Hey,...maybe you could revamp it and sell bottles downtown! [] I'll bet it would take some getting used to to ride it. Cool find.              Joe


----------



## privvydigger (Jun 19, 2010)

this thing is only 24'' long.....
 The peddles work and the chain is in good shape.  I have not found anything on it yet but i'm searching


----------



## TJSJHART (Jun 19, 2010)

it looks a little like a ice cream peddlers bike ..i  tried that as a kid back in the 60's...it was way to hard of work...


----------



## Wangan (Jun 20, 2010)

If its only 24" long then it must be for the Phillipean version of a monkey grinder?[8D]


----------



## surfaceone (Jun 21, 2010)

Hey Mad,

 Very cool acquisition. I love the street scene in the Philippines. The jeepneys, carcars, tuk tuks , everymanner of wheeled vehicle. There's many food vendors that use tricycle frames. Balut anyone?






























 What'cha gonna do with it. Talk about your possibilities...


----------



## privvydigger (Jun 21, 2010)

i 'm wondering if a real monkey rode this...


----------



## buzzkutt033 (Jun 21, 2010)

pretty neat fella,

 looks like something that guy on the show " Pickers " would like............

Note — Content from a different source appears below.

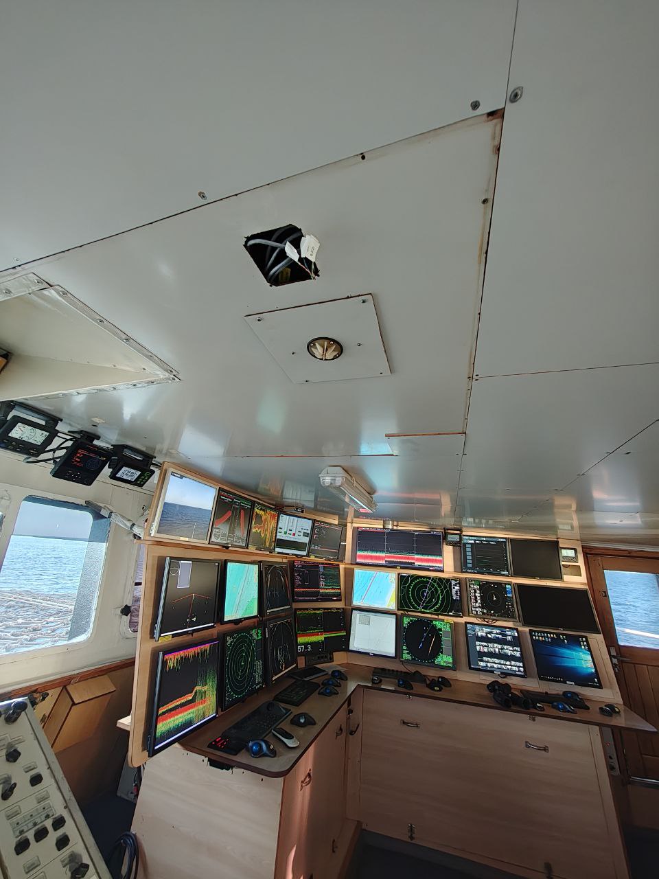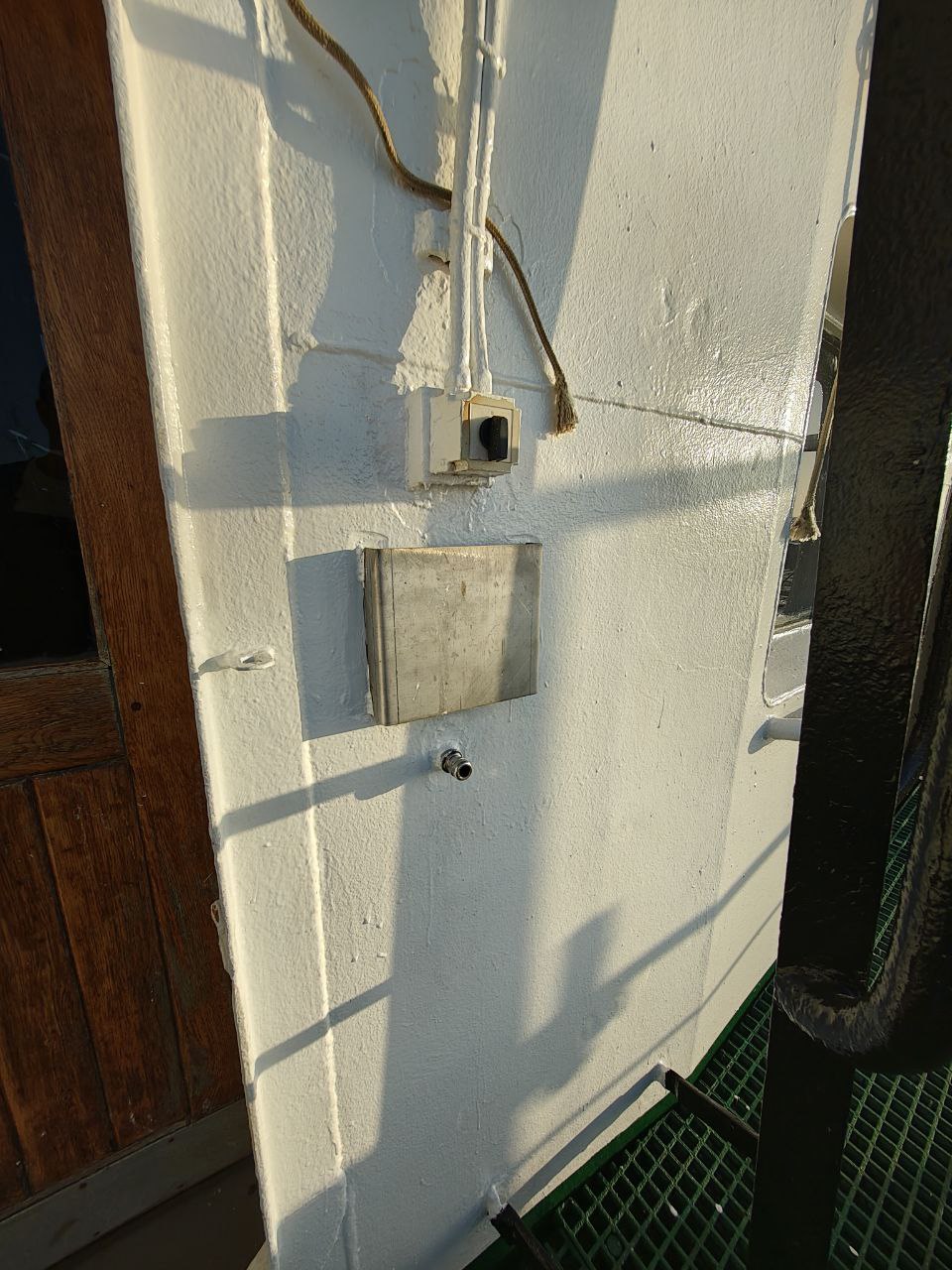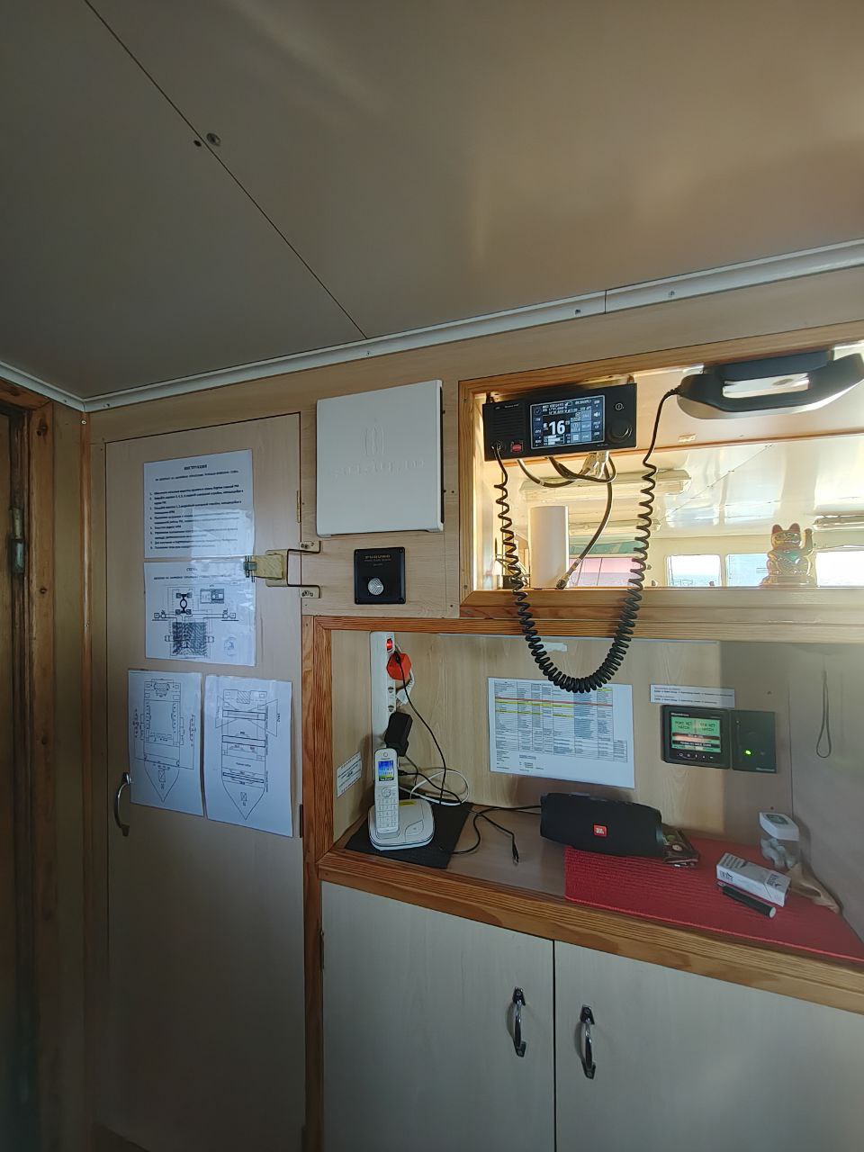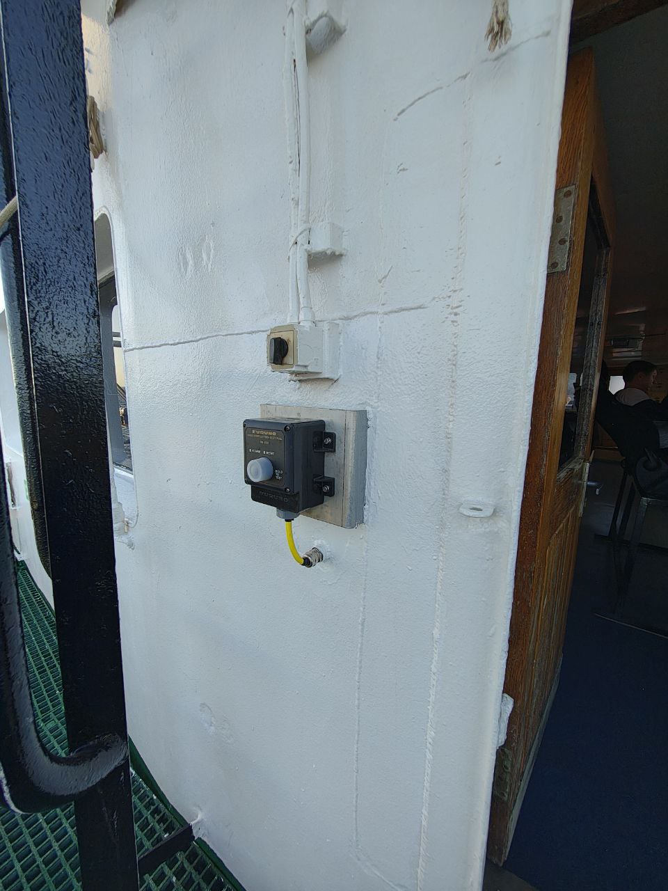 На борту FISHING KORAL данное оборудование установлено следующим образом. Коммутационную коробку я установил над трапом подъема на мостик (см. фото). Для коммутации достаточно использовать Ethernet UTP кабели к каждому датчику. К внешним кнопкам лучше использовать кабели помассивнее или например просто Ethernet UTP outdor в двойной броне. Я использовал обрезки кабелей от гидрофонов, как пример.
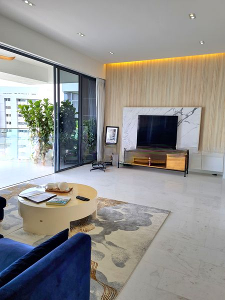 Step into a world of artistic elegance as you enter this stunning unit at The Trizon. Bathed in natural light, the high ceilings and floor-to-ceiling windows create an airy ambiance, while the eclectic decor and designer textured walls invite creativity and inspiration. Enjoy breathtaking views of the city skyline and lush greenery from your private terrace garden, perfect for relaxation or entertaining.

 take care and keep on diggin'

 jim


----------



## GuntherHess (Jun 21, 2010)

> Is this kool or what...


 
 what. []


----------



## privvydigger (Jun 21, 2010)

thx for the replies everyone
 still looking for a pic of one and what it may have been...


----------



## GuntherHess (Jun 21, 2010)

Nacho  Libre!!!
 http://www.flashracingonline.com/files/imagecache/thumb_320x240/online-games/1_6.jpg


----------



## privvydigger (Jun 21, 2010)

ouch!


----------



## Road Dog (Jun 22, 2010)

> ORIGINAL:  surfaceone
> 
> Hey Mad,
> 
> ...


 

 My wife ate Balut as a kid to help her put on weight.[:'(]


----------



## surfaceone (Jun 25, 2010)

> My wife ate Balut as a kid to help her put on weight.


 
 Hey Rory,

 What's her thoughts on Balut today? Is there any middle ground, or is it strictly love it or hate it? Way too long since my last visit over there....






 Palawan


----------



## blade (Jun 28, 2010)

[] What !


----------



## Road Dog (Jun 29, 2010)

> ORIGINAL: surfaceone
> 
> 
> 
> ...


 
 She would not eat one now. She said the trick is to let them go down quick. Don't chew. LOL
 Her Mom fixes some Milk Fish now and then and eats the eyes out of it.[:'(]  Her Mom denies doing it though.[]


----------